The Eastern Section of the Tennessee Court of Appeals released its opinion last week in Harper v. Bradley Cnty., No. E2014-00107-COA-R9-CV (Tenn. Ct. App. Oct. 30, 2014).  The summary from the slip opinion states as follows:
The issue presented on this appeal is whether a plaintiff who brings a health care liability action against a governmental entity under the Governmental Tort Liability Act (“the GTLA”) is entitled to the 120-day extension of the statute of limitations provided by Tenn. Code Ann. § 29-26-121(c)(Supp. 2014) under the current version of the Health Care Liability Act (“the HCLA”). This inquiry focuses on the effect of the 2011 amendment to the HCLA that expressly includes “claims against the state or a political subdivision thereof” within the definition of “health care liability action.” Applying the principles set forth by the Supreme Court in Cunningham v. Williamson Cnty. Hosp.

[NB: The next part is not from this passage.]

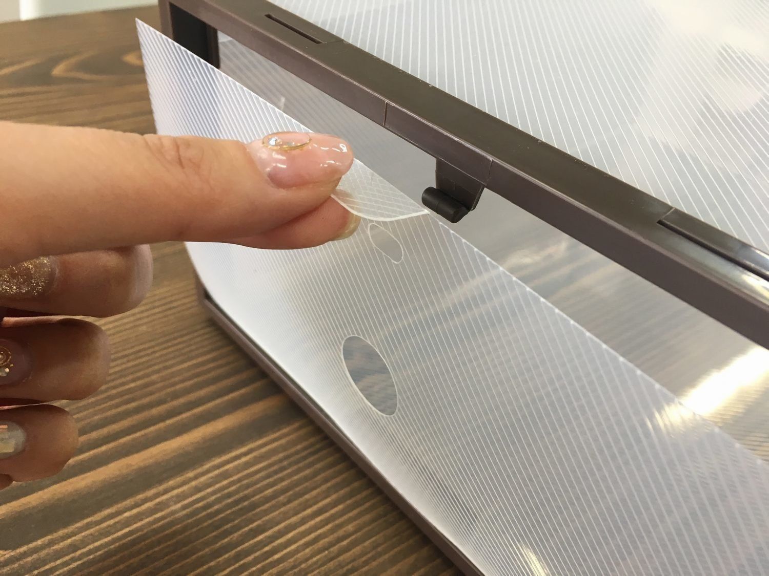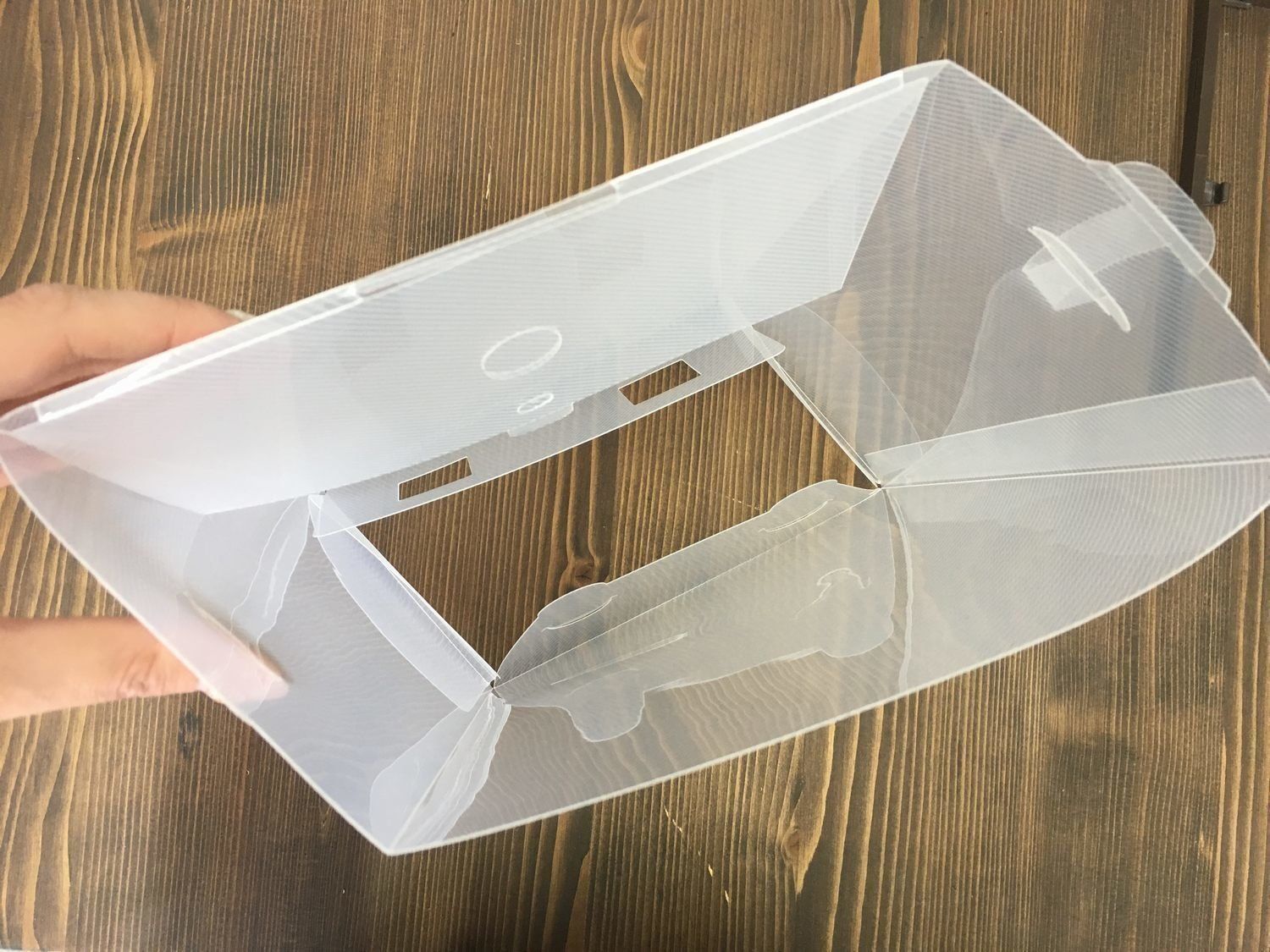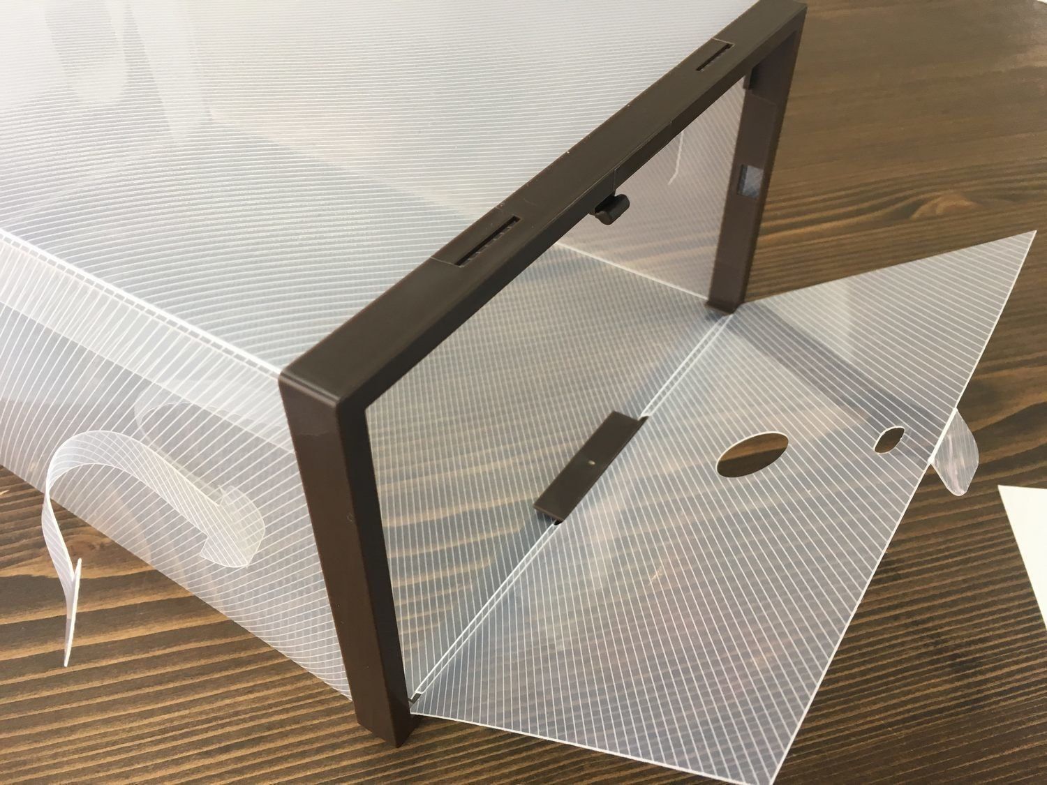 折りたたんである状態からボックスをつくっていきます。ケースの底にあるつまみを入れ込んで、外れないようにセット。次にふたのある方にフレームをはめ込んでいきます。フレーム中央にフックのようなつまみがついている方が上!穴があいている部分にフレームをセットしてできあがりです。

Dist., 405 S.W.3d 41 (Tenn. 2013), we hold that the 2011 amendment demonstrates a clear intent on the part of the General Assembly to allow the GTLA’s one-year statute of limitations to be extended by 120 days in cases where a plaintiff satisfies the requirements of the HCLA. We affirm the judgment of the trial court denying defendant Bradley County’s motion to dismiss.
(Emphasis and italics in original.)

Here is a link to the opinion:

NOTE: This post should be read with my May 9, 2013 post discussing the Cunningham case cited in the summary above (with its footnotes foreshadowing this decision).  Here is a link to that post: 

Further, this is a must-read opinion for any lawyer who handles health care liability cases (f.k.a. medical malpractice cases).  If this case is taken up by the Tennessee Supreme Court, which is very likely, the Court will more than likely affirm the trial court as the lower appellate court did.  It is the correct decision in my humble opinion.

Lastly, it would be a safe assumption for one to think that the three-year statute of repose would be extended by 120 days via the 2011 amendment to Tenn. Code Ann. sec. 29-26-101, too. Compare Harper, supra, with T.C.A. § 29-26-121(c).  However, I am not aware of any case holding that way at this time.